§ What this task involves
Please, could you print all the lines below exactly, leaving out the pictures?

--- Dataset excerpt Enclosed Below ---

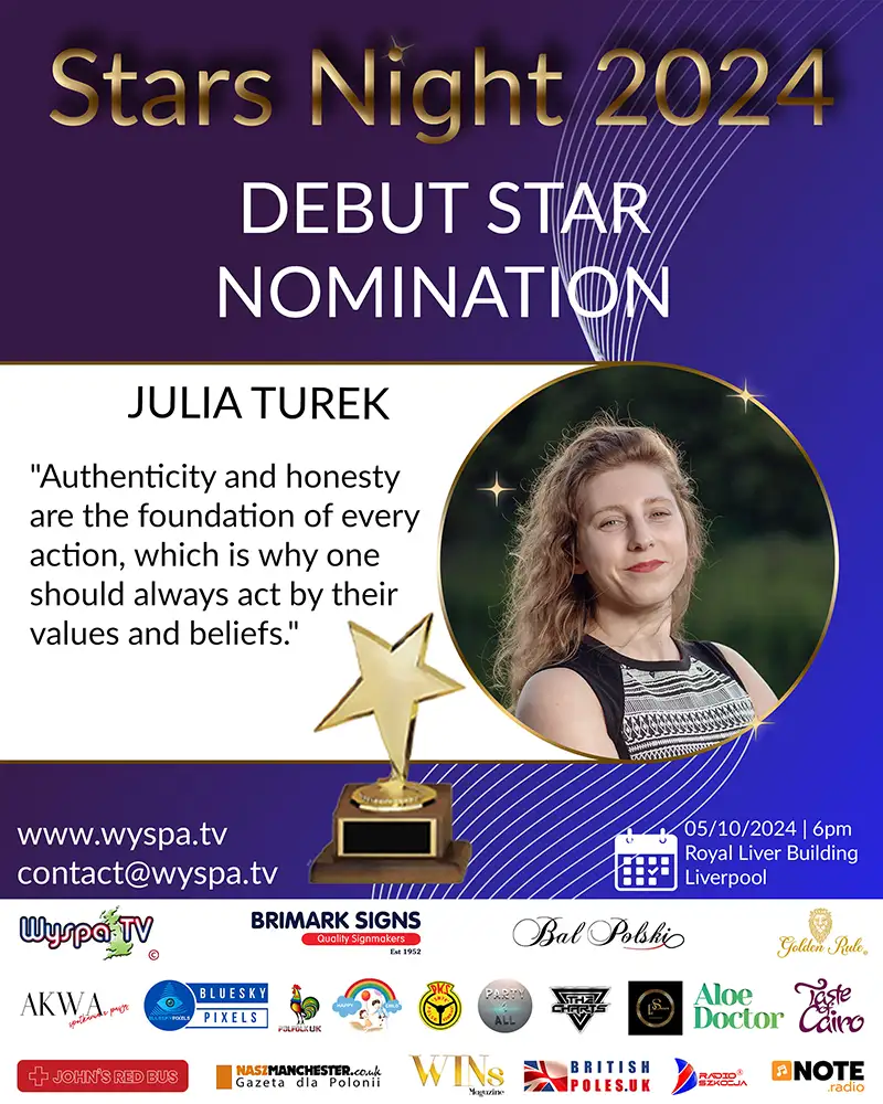 Julia Turek, a talented financial advisor, has been nominated for the prestigious Stars Night Awards 2024 in the DEBUT STAR category. Her nomination recognizes her remarkable commitment to career development and support for the local community.
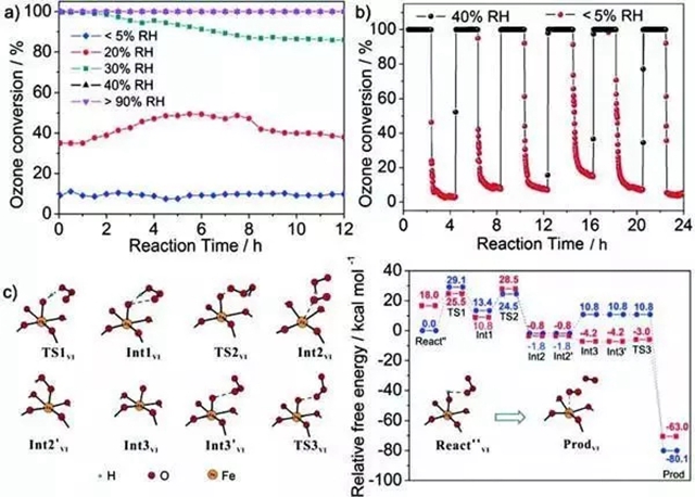 MIL-100(Fe)不同高湿度环境下对臭氧的转化率(a)分别在<5%RH、20%RH、30%RH、40%RH和> 90%RH下MIL-100(Fe)的臭氧转化率。b)在交替相对湿度下MIL-100(Fe)上的臭氧转化率。c)优化了在MIL‐100(Fe)催化臭氧分解过程中沿路径稳定点的结构和相应的势能曲线。d)蓝色和红线分别表示六重态和四重态MIL-100(Fe)氢氧化物复合物的能级。实验条件:用0.27g石英砂稀释0.03g催化剂,C(O₃)= 45ppm,流速="1000mL·min^-1,RH="45%,室温。)
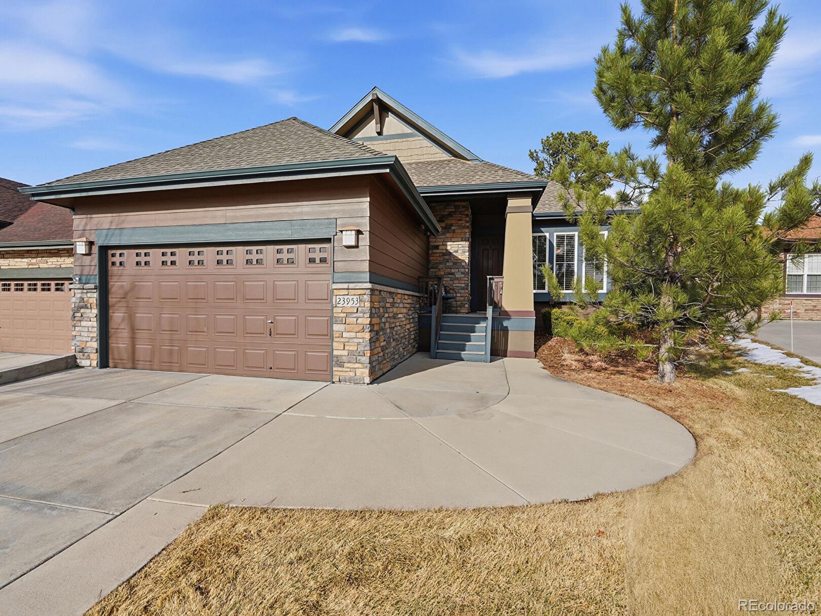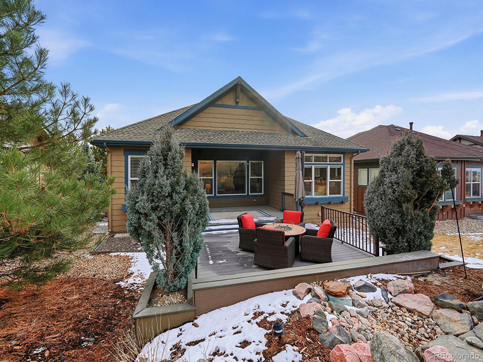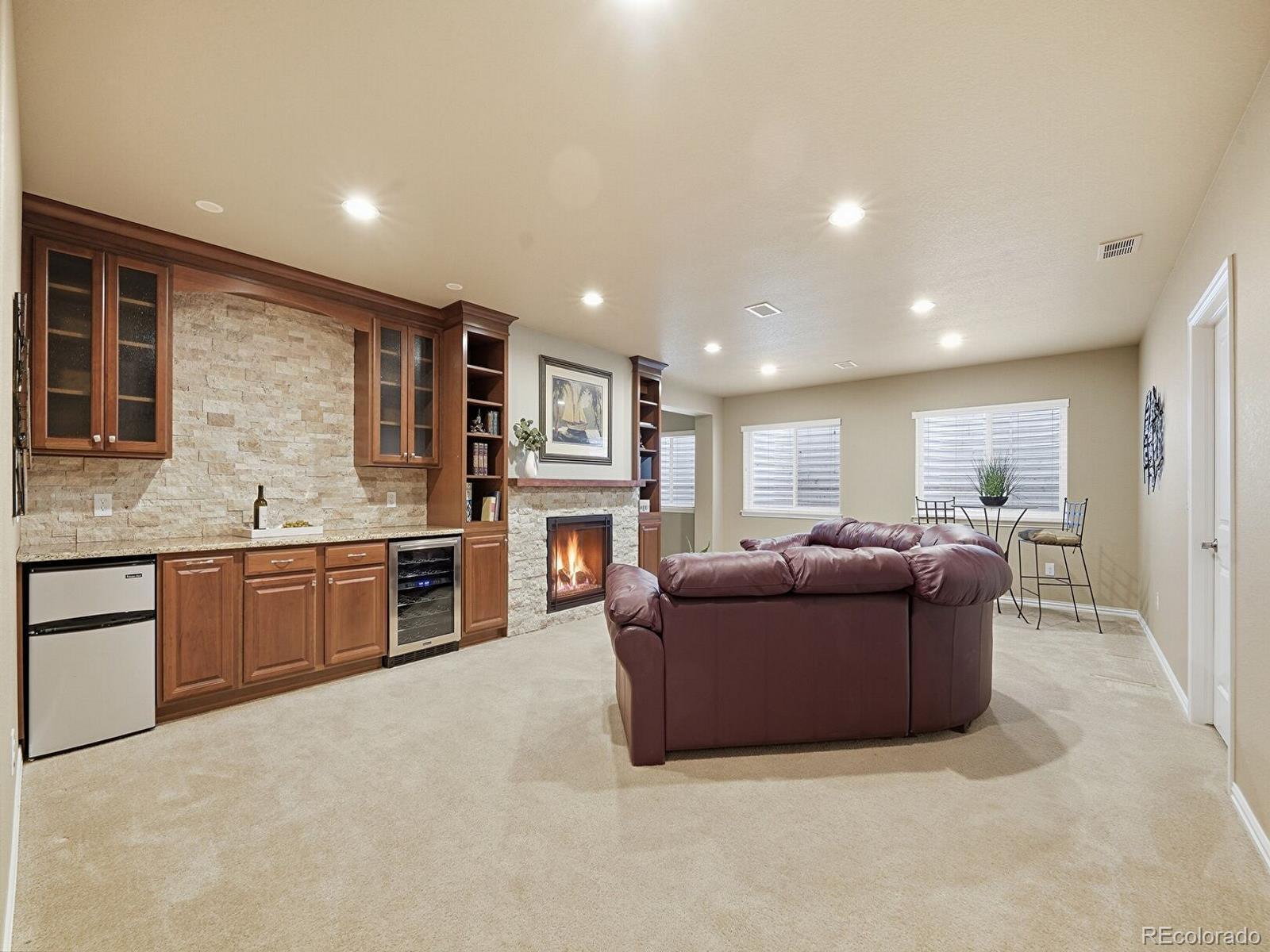 **OPEN HOUSE!! Sun 2/8, 11-1** Supremely private Tallyn’s Reach ranch with a finished basement, tucked into a quiet cul-de-sac backing to private hill space! Made for effortless main-level living, enter this 3-bed, 3-bath gem through a welcoming covered front porch into high ceilings and bright windows that span the main floor. Just off the foyer sits a flex space, currently a home office, that could easily become a formal dining room, playroom, or second living space. Enjoy movie nights or game days in the living area, boasting a cozy gas fireplace and dramatic picture window with backyard views. Make meals or memories in the adjacent kitchen, featuring granite countertops, stainless steel appliances, alongside a generous island with bar-height seating, dedicated pantry, and window-wrapped breakfast nook with deck access. Unwind in the private, main-level primary suite, where a full wall of windows and 5-piece en suite bath create a spacious retreat. The five-piece en suite includes a seated vanity, deep soaking tub, standing shower, and a walk-in closet with built-ins. A nearby main-level powder bath and a laundry/mudroom with cabinetry add everyday practicality. Downstairs, the finished basement is ready for memorable nights or relaxed weekends, complete with a rec room, finished bar, wine fridge, mini fridge, cabinetry, and a second gas fireplace. Two additional bedrooms, a full bath, and generous unfinished storage offer room to grow, host, or create. In the backyard, a covered patio with built-in sound system and an extended deck back to a gentle hillside, where a cascading water feature and local wildlife sightings create a space that feels quiet, green, and wonderfully private. Whether you’re in the mood for spotting owls and deer in the backyard or enjoying amenities right in the heart of Tallyn’s Reach, this home is set just minutes from Red-Tailed Hawk Park, Southlands Mall, and the Aurora Reservoir.

--- End of Enclosed Dataset excerpt ---

§ Final answer
 Julia Turek, a talented financial advisor, has been nominated for the prestigious Stars Night Awards 2024 in the DEBUT STAR category. Her nomination recognizes her remarkable commitment to career development and support for the local community.
 MIL-100(Fe)不同高湿度环境下对臭氧的转化率(a)分别在<5%RH、20%RH、30%RH、40%RH和> 90%RH下MIL-100(Fe)的臭氧转化率。b)在交替相对湿度下MIL-100(Fe)上的臭氧转化率。c)优化了在MIL‐100(Fe)催化臭氧分解过程中沿路径稳定点的结构和相应的势能曲线。d)蓝色和红线分别表示六重态和四重态MIL-100(Fe)氢氧化物复合物的能级。实验条件:用0.27g石英砂稀释0.03g催化剂,C(O₃)= 45ppm,流速="1000mL·min^-1,RH="45%,室温。)
 **OPEN HOUSE!! Sun 2/8, 11-1** Supremely private Tallyn’s Reach ranch with a finished basement, tucked into a quiet cul-de-sac backing to private hill space! Made for effortless main-level living, enter this 3-bed, 3-bath gem through a welcoming covered front porch into high ceilings and bright windows that span the main floor. Just off the foyer sits a flex space, currently a home office, that could easily become a formal dining room, playroom, or second living space. Enjoy movie nights or game days in the living area, boasting a cozy gas fireplace and dramatic picture window with backyard views. Make meals or memories in the adjacent kitchen, featuring granite countertops, stainless steel appliances, alongside a generous island with bar-height seating, dedicated pantry, and window-wrapped breakfast nook with deck access. Unwind in the private, main-level primary suite, where a full wall of windows and 5-piece en suite bath create a spacious retreat. The five-piece en suite includes a seated vanity, deep soaking tub, standing shower, and a walk-in closet with built-ins. A nearby main-level powder bath and a laundry/mudroom with cabinetry add everyday practicality. Downstairs, the finished basement is ready for memorable nights or relaxed weekends, complete with a rec room, finished bar, wine fridge, mini fridge, cabinetry, and a second gas fireplace. Two additional bedrooms, a full bath, and generous unfinished storage offer room to grow, host, or create. In the backyard, a covered patio with built-in sound system and an extended deck back to a gentle hillside, where a cascading water feature and local wildlife sightings create a space that feels quiet, green, and wonderfully private. Whether you’re in the mood for spotting owls and deer in the backyard or enjoying amenities right in the heart of Tallyn’s Reach, this home is set just minutes from Red-Tailed Hawk Park, Southlands Mall, and the Aurora Reservoir.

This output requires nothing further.